Provided data:
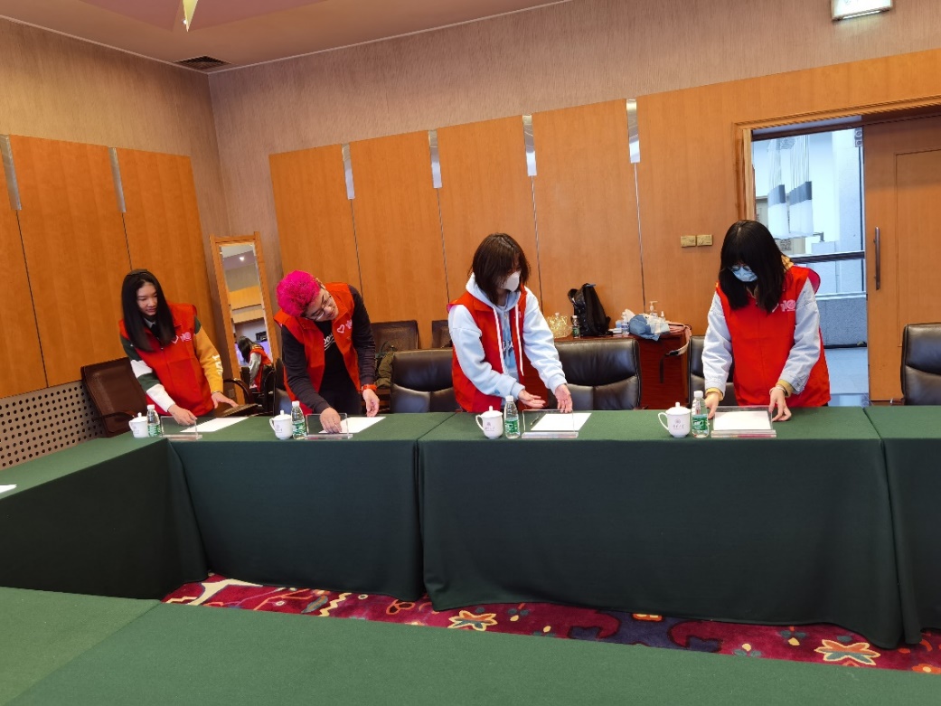 接待服务中心开设的会议服务员岗位的劳动内容十分丰富,快速地学习一些会议接待服务的礼仪后,同学们在老师的带领下练习会场布置、倒水服务和清理打扫等,分组合作完整地体验会议的服务流程。在饮食服务中心开设的早点制作岗上,同学们一手持擀面杖、一手压着面皮,同清芬园食堂的师傅们一起完成饺子、包子等早点的制作,不仅体会到食堂师傅每日劳动的辛苦,也收获了做好一份菜品的快乐与成就。完成早点制作后,同学们来到售饭窗口,协助进行早点售卖,切实服务来往同学。
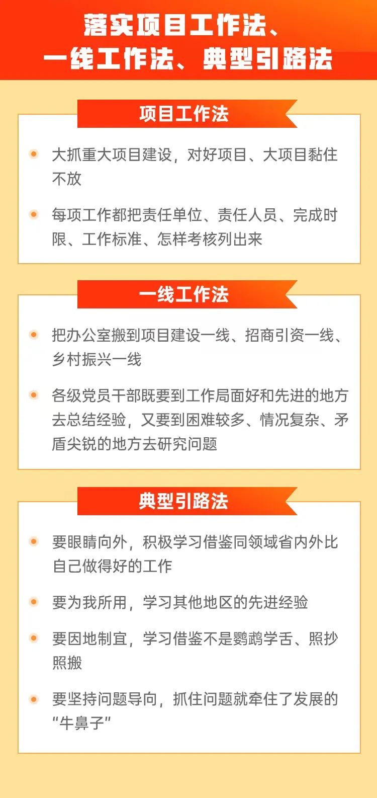 項目工作法,旗幟鮮明大抓重大項目建設,對好項目、大項目黏住不放,加強項目調度和要素保障,扭轉投資下滑,加快補齊產業短板。堅持任務項目化、項目清單化、清單具體化,把政策變成思路、把思路變成方案、把方案變成一個個具體項目,每項工作都把責任單位、責任人員、完成時限、工作標準、怎樣考核等清清楚楚列出來,形成時限清單、任務清單、責任清單,通過時間倒排、任務倒逼、責任倒查,推動工作落實。
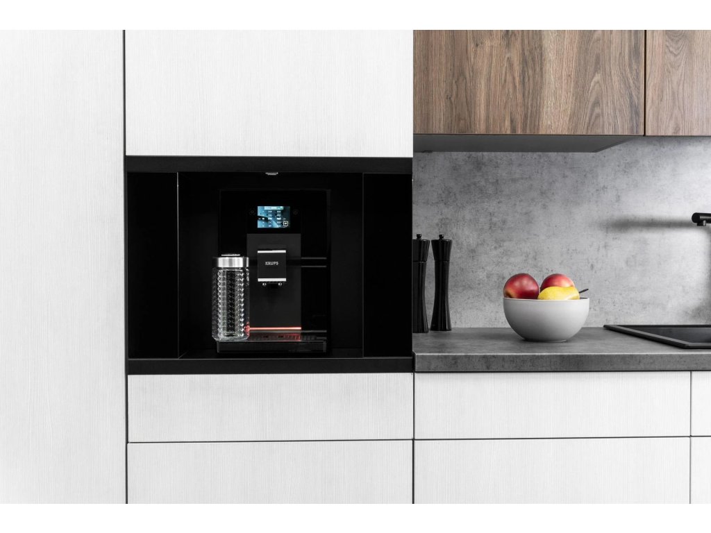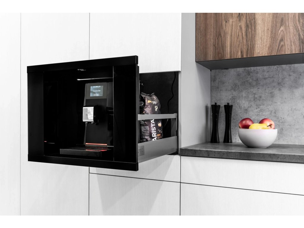 - Vestavná schránka s teleskopickým výsuvem pro volně stojící kávovary.
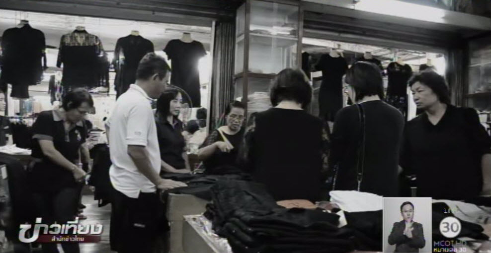 ภูมิภาค 18 ต.ค. – ประชาชนในหลายจังหวัดต่างพากันออกหาซื้อเสื้อและเครื่องแต่งกายสีดำ เพื่อสวมใส่ไว้ทุกข์ แสดงความอาลัยพระบาทสมเด็จพระปรมินทรมหาภูมิพลอดุลยเดช จนบางแห่งเริ่มขาดตลาด
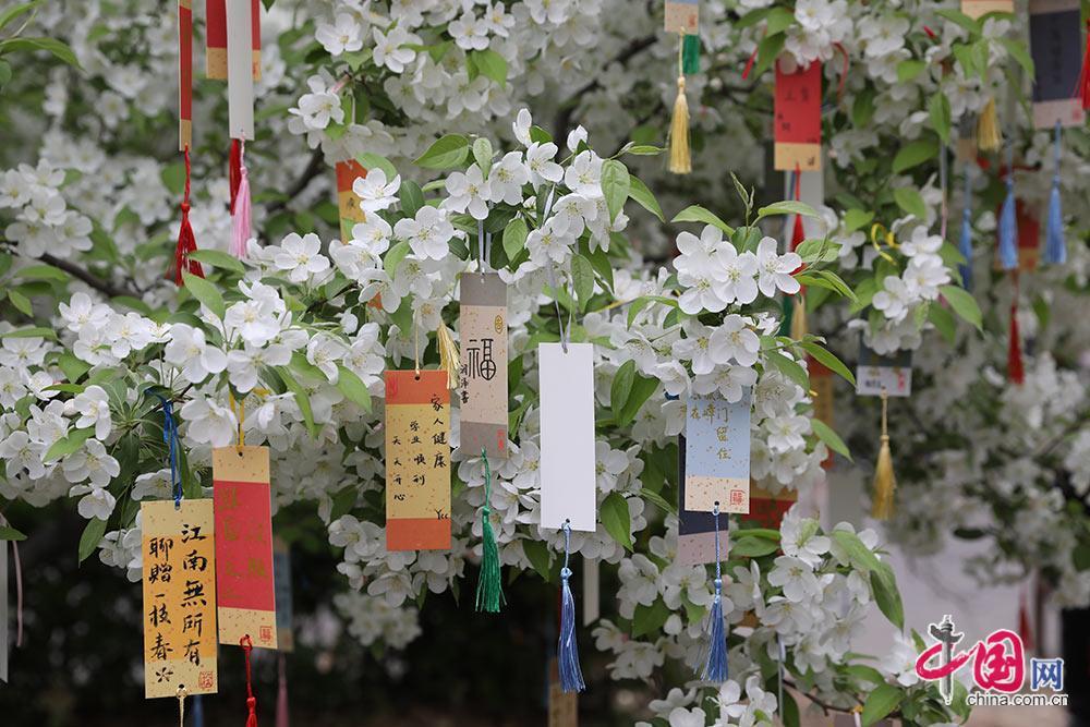 靜園一角的櫻花樹上掛滿了祈愿書簽。中國網(wǎng) 趙娜攝影
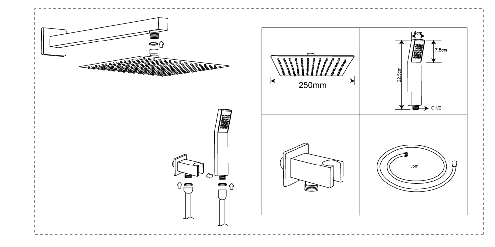 Ensemble de douche encastré Carré 250*250 Chromé – 23102210
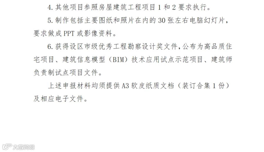 5.反映申报工程项目概况、工程建设特(难)点、建设过程质量管控措施、重要部位及隐蔽工程的质量检验情况、关键技术及科技进步、节能环保措施与成效、工程获奖、运维使用等情况的影像资料或有声PPT(5分钟以内)。
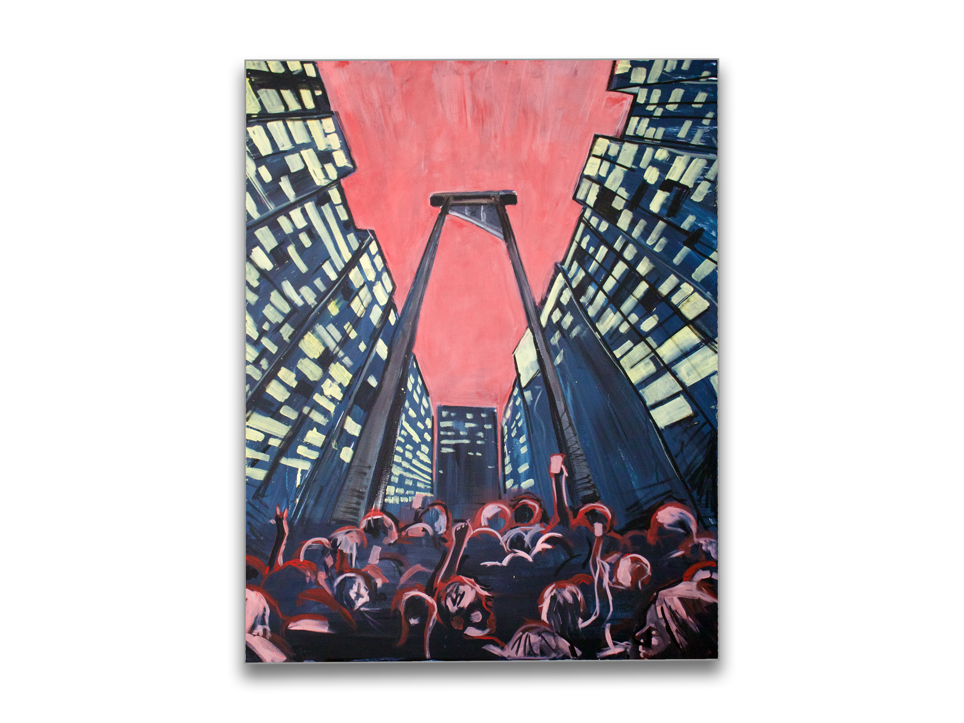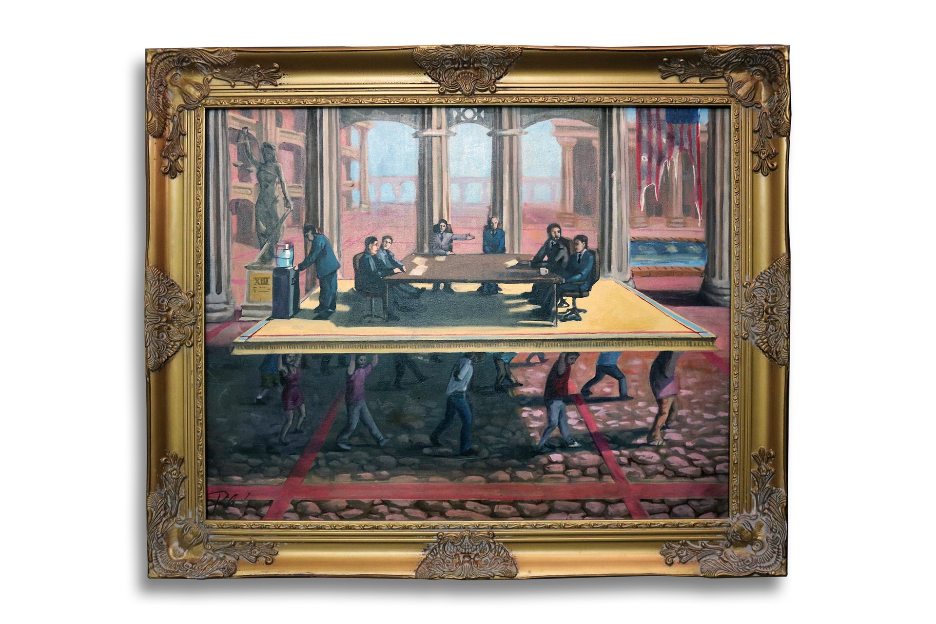 Inspired by the grandeur of ancient depictions of the Roman Empire, this painting delves into the intricate power play within the modern corporate realm. Here, shadows cloak the toiling workers while the elite class, reminiscent of emperors, convene to deliberate over profits and revel in their opulent luxuries. It's a visual narrative that echoes the timeless struggle between the masses and the privileged few, inviting viewers to ponder the dynamics of authority and inequality in our contemporary society.
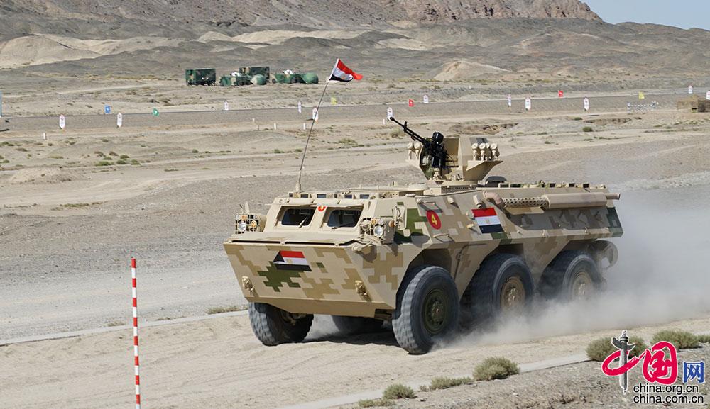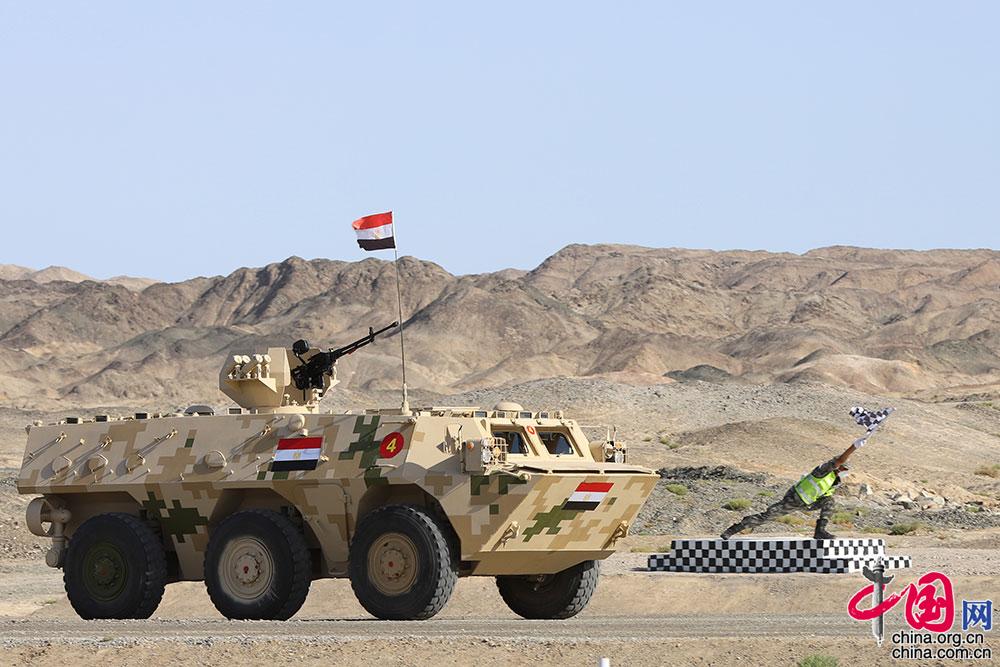 “裁判长同志,埃及队准备完毕,请指示!”“开始!”随着裁判长一声令下,步战车冲出起点线。首先出场的埃及参赛队,过水场、跨壕沟,进行实弹射击,一路驶向终点。随后,委内瑞拉和俄罗斯参赛队也先后驶出了起点。
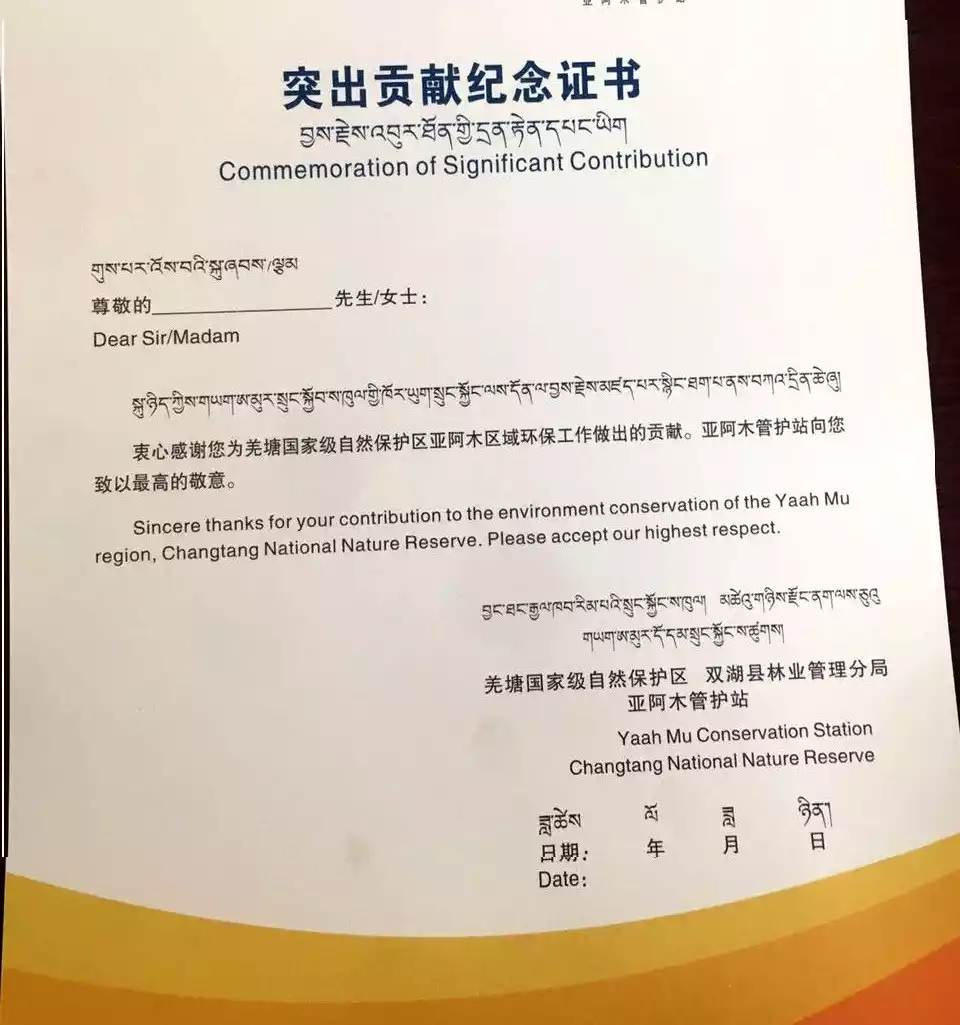 After the event, China-TravelNote will also issue each tourist with an environmental certification certificate from the Yaamu Conservation Station, the core area of the national Qiangtang Nature Reserve.

What is being asked: Write back the stretch of lines above that begins with the line holding "項目工作法,旗幟鮮明大抓重大" and ends with the line holding "5.反映申报工程项目概况、工", both included, exactly as written. Pictures stay out.

Response area:
 項目工作法,旗幟鮮明大抓重大項目建設,對好項目、大項目黏住不放,加強項目調度和要素保障,扭轉投資下滑,加快補齊產業短板。堅持任務項目化、項目清單化、清單具體化,把政策變成思路、把思路變成方案、把方案變成一個個具體項目,每項工作都把責任單位、責任人員、完成時限、工作標準、怎樣考核等清清楚楚列出來,形成時限清單、任務清單、責任清單,通過時間倒排、任務倒逼、責任倒查,推動工作落實。
 - Vestavná schránka s teleskopickým výsuvem pro volně stojící kávovary.
 ภูมิภาค 18 ต.ค. – ประชาชนในหลายจังหวัดต่างพากันออกหาซื้อเสื้อและเครื่องแต่งกายสีดำ เพื่อสวมใส่ไว้ทุกข์ แสดงความอาลัยพระบาทสมเด็จพระปรมินทรมหาภูมิพลอดุลยเดช จนบางแห่งเริ่มขาดตลาด
 靜園一角的櫻花樹上掛滿了祈愿書簽。中國網(wǎng) 趙娜攝影
 Ensemble de douche encastré Carré 250*250 Chromé – 23102210
 5.反映申报工程项目概况、工程建设特(难)点、建设过程质量管控措施、重要部位及隐蔽工程的质量检验情况、关键技术及科技进步、节能环保措施与成效、工程获奖、运维使用等情况的影像资料或有声PPT(5分钟以内)。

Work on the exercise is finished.